Выбрать главу

Ахматова в 1921 не упоминает об огне, но пожар звучит в ее голосе через перекличку с Блоком 1907 года. Надо что-то    сделать с огнем, говорит Седакова в 1996, и этим уже делает, открывая его в том, что казалось сырым и ветхим, снимая немоту с урода на печи. Раньше чем в снаряде, атомной бомбе и в реакторе чернобыльского типа огонь горит в глухом молчании страны, в ее режущей, сжигающей решимости: если нет рая, то не надо ничего, и пусть все мы пропадем в грязи, разрухе, голоде и свалке. Огненная райская птица велит идти до крайности ради рая, чтобы его продолжало не быть. Он смертельно пугает. Всё кроме него ничтожно.

Внезапный и небывалый в городских условиях голод, террор, произвол, мор были встречены Петербургом в 1918 году с неожиданной готовностью, подобно тому как с узнаванием и признанием своей судьбы там была встречена так называемая блокада 1941–1944 годов. Так же был принят всей страной голод 1991–1993 годов, ему сразу поверили как правде. Наша вера в надвигающуюся грозу, доверие огню в войне и революции больше и прочнее веры в порядок. Мы готовы к тому, с чего начинается фантасмагорическая драма Ахматовой «Сон во сне»:

Мир не видел такой нищеты,

Существа он не знает бесправней,

Даже ветер со мною на ты

Там, за той оборвавшейся ставней.

Нищета и бесправие безотносительные бывают только во сне. Реальность ли они? Вовсе нет, но вера в них прочнее чем в любую реальность, которая подверстывается к ним задним числом. Беда, ключевое слово драмы Ахматовой, тоже безотносительна, она больше всего вообразимого, трансцендентна. «Он. Они убьют тебя? — Убьют ее. Она. Нет, хуже. Сегодня они убьют только мою душу. Он. Как же ты будешь жить? Она. Никак. Я буду не жить, а ждать Последнюю Беду». Обреченность здесь, как «несчастье без мер» и «горе за горем» ровно через пятьдесят лет у Седаковой, настолько заслоняет собой всё, что Ахматова просто не слышит в словах «последняя беда» возможный смысл окончания бед, для нее они только угроза.  «Она. Я долго и странно буду верна тебе и холодными глазами буду смотреть на все беды, пока не придет Последняя».

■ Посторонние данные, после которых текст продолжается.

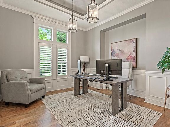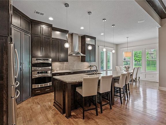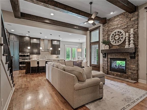 Don’t miss this meticulously maintained 1.5 story James Engle custom home on a quiet cul-de-sac lot in the Blue Valley School District! Open concept floorplan with a beautiful arched entry into the great room, kitchen, and dining area boasts soaring ceilings, wood beams, custom interior shutters throughout entire first floor, home audio system, and upgraded maple hardwood flooring. The grand kitchen features upgraded ceiling-height cabinets, an oversized island, stainless appliances, large walk-in pantry with workspace, and a butler’s pantry with additional cabinet storage and beverage fridge. Luxurious primary suite features a second, private entrance to the covered outdoor patio via custom French doors and custom interior shutters. The ensuite features a spa-like walk-in shower with dual shower heads and a rain shower, double vanities, and luxurious tub. Ensuite leads to large custom walk-in closet with full-sized mirror, built-ins, and laundry room access. Secondary bedrooms are all very spacious with one bedroom having its own private ensuite and the other two sharing a Jack and Jill bathroom. All bedrooms feature large, walk-in closets. In the front yard you’ll find an inviting curb appeal with custom landscaping and covered porch. In the back yard, there’s a covered patio with see through fireplace and a second, uncovered, patio that you’ll find perfect for outdoor entertaining. You’ll enjoy additional privacy with the custom landscaping around the back patios. The yard is large and fenced in, with a water spigot extended to the far backyard for future gardening endeavors. Additional upgrades: Finished stairway to downstairs, maple hardwoods that extend to upstairs level, built in shelving and hanging storage in garage, wired for carriage lights on backside of covered patio.
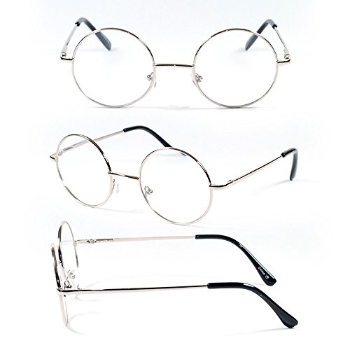 (#VRO1 Slv/GM) 2 Pairs Gun Metal & Silver Frame Round Reading Glasses with Spring Hinged (Strength +2.00)
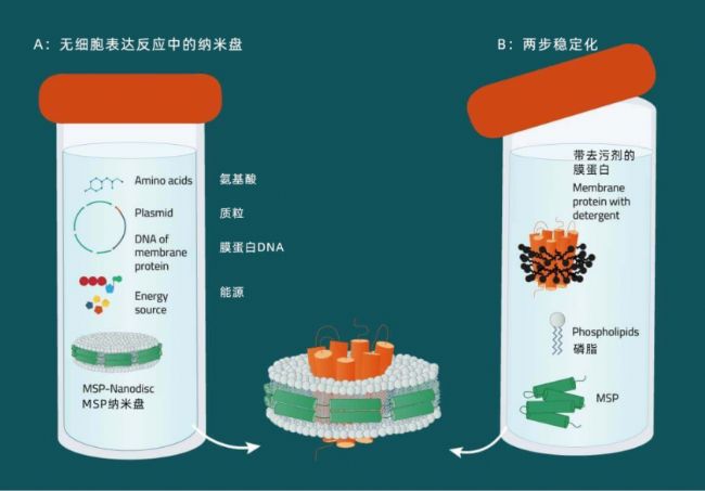 B:將去污劑和MSP添加到表達目的蛋白的細胞質(zhì)中。組成膜磷脂、蛋白質(zhì)和 MSP的復(fù)合物。
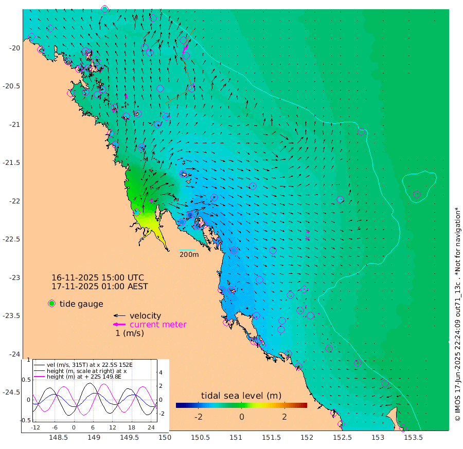21cm/s 2T +10cm/s rms + 2cm/s 5T. Brampton I 18m 32cm/s -14T +9cm/s rms + 6cm/s 66T. Wigton I 38m 5cm/s 14T +7cm/s rms + 8cm/s 141T. Tern I 47m 41cm/s 7T +7cm/s rms + 12cm/s 54T. N Bugatti Rf 64m 54cm/s 26T +3cm/s rms + 13cm/s 178T. W Bugatti Rf 70m 18cm/s -5T +3cm/s rms + 3cm/s -130T. Creal Rf 69m 6cm/s 38T +7cm/s rms + 4cm/s 2T. North Rf 62m 13cm/s 175T +9cm/s rms + 2cm/s -56T. Cape Capricorn 26m 5cm/s -27T +5cm/s rms + 3cm/s 166T. L Musgrave I 42m 7cm/s -61T +9cm/s rms + 1cm/s -142T. Round Hill Hd 26m 1cm/s 17T +41cm/s rms + 48cm/s 116T. GBRELR 305m 21cm/s 106T +7cm/s rms + 6cm/s 123T. GBRCCH 92m 8cm/s -10T +8cm/s rms + 3cm/s -33T. GBRHIN 45m 6cm/s -65T +4cm/s rms + 2cm/s 41T. GBRHIS 46m 12cm/s -29T +16cm/s rms + 4cm/s -22T. GBROTE 59m -130cm Bell Cay -109cm Holbourne I -141cm Tern I -101cm Bugatti Rf -113cm Creal Rf -95cm White Tip I -105cm North Rf -134cm Rundle I -74cm L Musgrave I -64cm Saumarez Reef -108cm Kennedy Reef -99cm Unnamed Reef No. 2 -107cm Abbot Point -107cm Bowen -106cm Tideway Reef -113cm Hayman Island -125cm Square Reef -120cm Double Bay -121cm Molle Island -108cm Cid Harbour -110cm Hook Island -97cm Border Island -97cm Haslewood Island -111cm Shute Harbour -114cm Thomas Island -126cm Credlin Reef -116cm East Repulse Island -112cm Blacksmith Island -114cm Laguna Quays -122cm Carlisle Island (Off) -125cm St. Bees Island -110cm Scawfell Island -140cm Penrith Island -134cm Mackay Outer Harbour -144cm Hay Point -156cm Prudhoe Island -178cm Middle Island (Percy Isles) -119cm Gannet Cay -68cm Elusive Reef -125cm Mcewin Islet -190cm Mumford Island -175cm Osborn Island -173cm Marquis Island -166cm Reef Point -148cm High Peak Island -168cm Port Clinton -168cm Peaked Island -107cm Karamea Bank -141cm Johnson Patch - NW -160cm Rosslyn Bay -162cm Middle Island (Keppel Isles) -175cm Port Alma -101cm Heron Island -112cm One Tree Islet -117cm Polmaise Reef -112cm Tryon Island -113cm Rock Cod Shoal -126cm Gatcombe Head -140cm Gladstone -135cm South Trees (Storm Surge) -106cm Clews Point -91cm Round Hill Head -68cm Lady Elliot Island -67cm Breaksea Spit -96cm Bundaberg (Burnett Heads) -97cm Elliot Heads -50cm Waddy Point (Fraser Island)
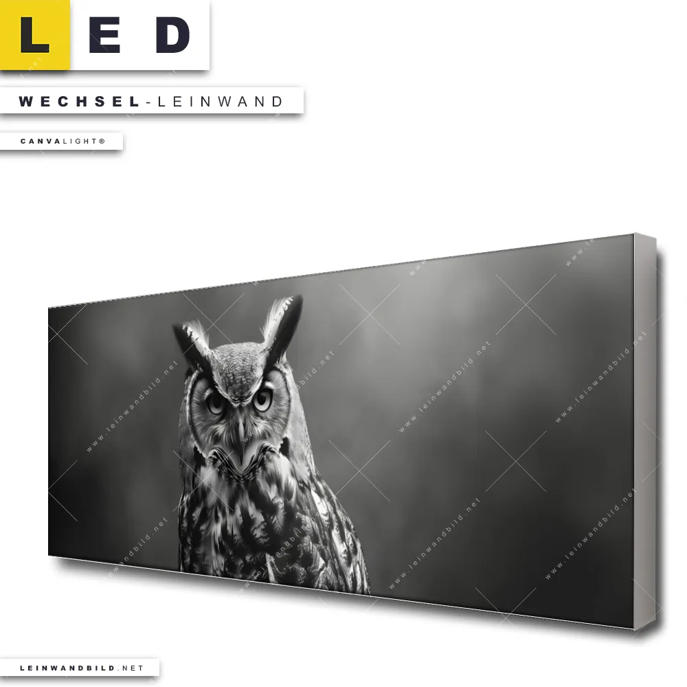 Du bist auf der Suche nach einer Tierwelt Wechsel-Leinwand für Dein LED-Leinwandbild im Panorama-Format? Begriffe wie Tier, Eule, Uhu, Kauz, Vogel, Tierporträt haben Dich auf der Suche nach Deiner Ersatz-Leinwand für dein extra breites LED Wandbild mit wechselbarer Leinwand inspiriert? Farben wie Schwarz, Grau dürfen auf Deinem neuen Wechselmotiv für Dein XXL Leinwand-LED-Bild nicht fehlen und Leinwände im Schwarz - Weiss, Natürlich - Realistisch Stil für Leuchtbilder passen perfekt zu Deinem Einrichtungsstil?

Беда запредельна настолько, что ее даже нельзя видеть, при том что всё остальное будущее открыто. «Он. Какая? Она. Та, что была за поворотом и мне ее не показали, когда во время тифозного бреда я видела всё, что случится со мной». Беда настолько ключевое слово, что реплика «Орел Федя. Беда!.. Слышна музыка» тоже слышится определенно как угроза, хотя музыка вроде могла бы быть по крайней мере многозначным символом.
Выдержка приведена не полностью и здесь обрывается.